LR PARSING

The weakness of LL(k) parsing techniques is that they must predict which production to use, having seen only the first k tokens of the right-hand side. A more powerful technique, LR(k) parsing, is able to postpone the decision until it has seen input tokens corresponding to the entire right-hand side of the production in question (and k more input tokens beyond). LR(k) stands for left-to-right parse, rightmost-derivation, k-token lookahead. The use of a rightmost derivation seems odd; how is that compatible with a left-to-right parse? Image 3.18 illustrates an LR parse of the program

a:=7;
b:=c+(d:=5+6,d)

Image 3.18: Shift-reduce parse of a sentence. Numeric subscripts in the Stack are DFA state numbers; see Table 3.19.

using Grammar 3.1, augmented with a new start production S′ → S$. The parser has a stack and an input. The first k tokens of the input are the lookahead. Based on the contents of the stack and the lookahead, the parser performs two kinds of actions:

Shift: Move the first input token to the top of the stack.
Reduce: Choose a grammar rule X → A B C; pop C, B, A from the top of the stack; push X onto the stack.

Initially, the stack is empty and the parser is at the beginning of the input. The action of shifting the end-of-file marker $ is called accepting and causes the parser to stop successfully.
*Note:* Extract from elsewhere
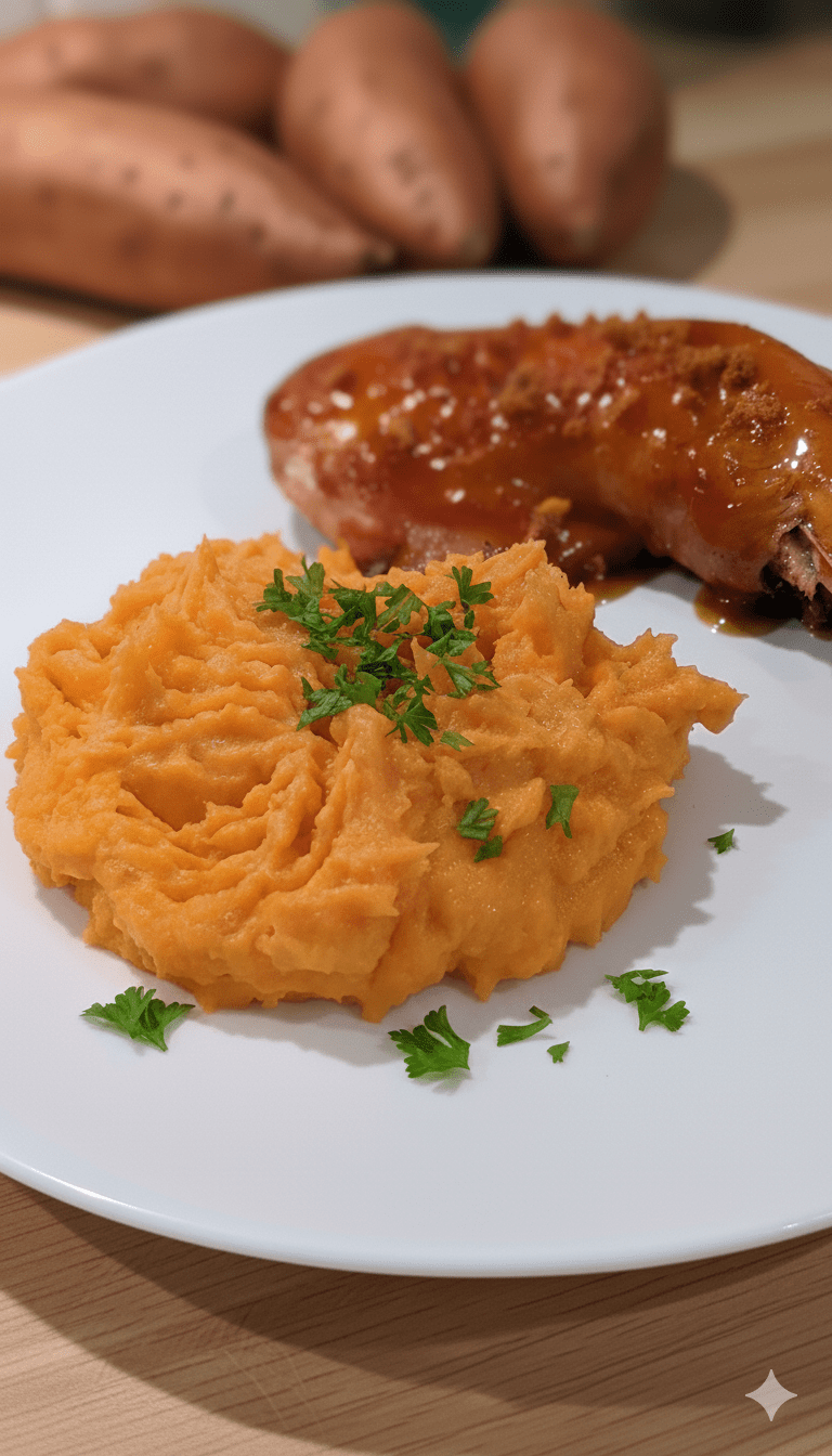 Ingrédients pour 4 personnes : 4 cuisses de poulet - 800 g de patates douces - le jus de 2 oranges + 1/2 orange pour la cuisson de la viande - Les zestes de 1/2 orange - 10 cl de crème fraiche - 2 cl de vinaigre de cidre - 10 g de sucre -… Lire la suite Cuisses de poulet, sauce à l’orange et Speculoos

In Image 3.18, the stack and input are shown after every step, along with an indication of which action has just been performed. The concatenation of stack and input is always one line of a rightmost derivation; in fact, Image 3.18 shows the rightmost derivation of the input string, upside-down.

LR PARSING ENGINE

How does the LR parser know when to shift and when to reduce? By using a deterministic finite automaton! The DFA is not applied to the input - finite automata are too weak to parse context-free grammars - but to the stack. The edges of the DFA are labeled by the symbols (terminals and nonterminals) that can appear on the stack. Table 3.19 is the transition table for Grammar 3.1.

Table 3.19: LR parsing table for Grammar 3.1.

The elements in the transition table are labeled with four kinds of actions:

sn	Shift into state n;
gn	Goto state n;
rk	Reduce by rule k;
a	Accept; Error (denoted by a blank entry in the table).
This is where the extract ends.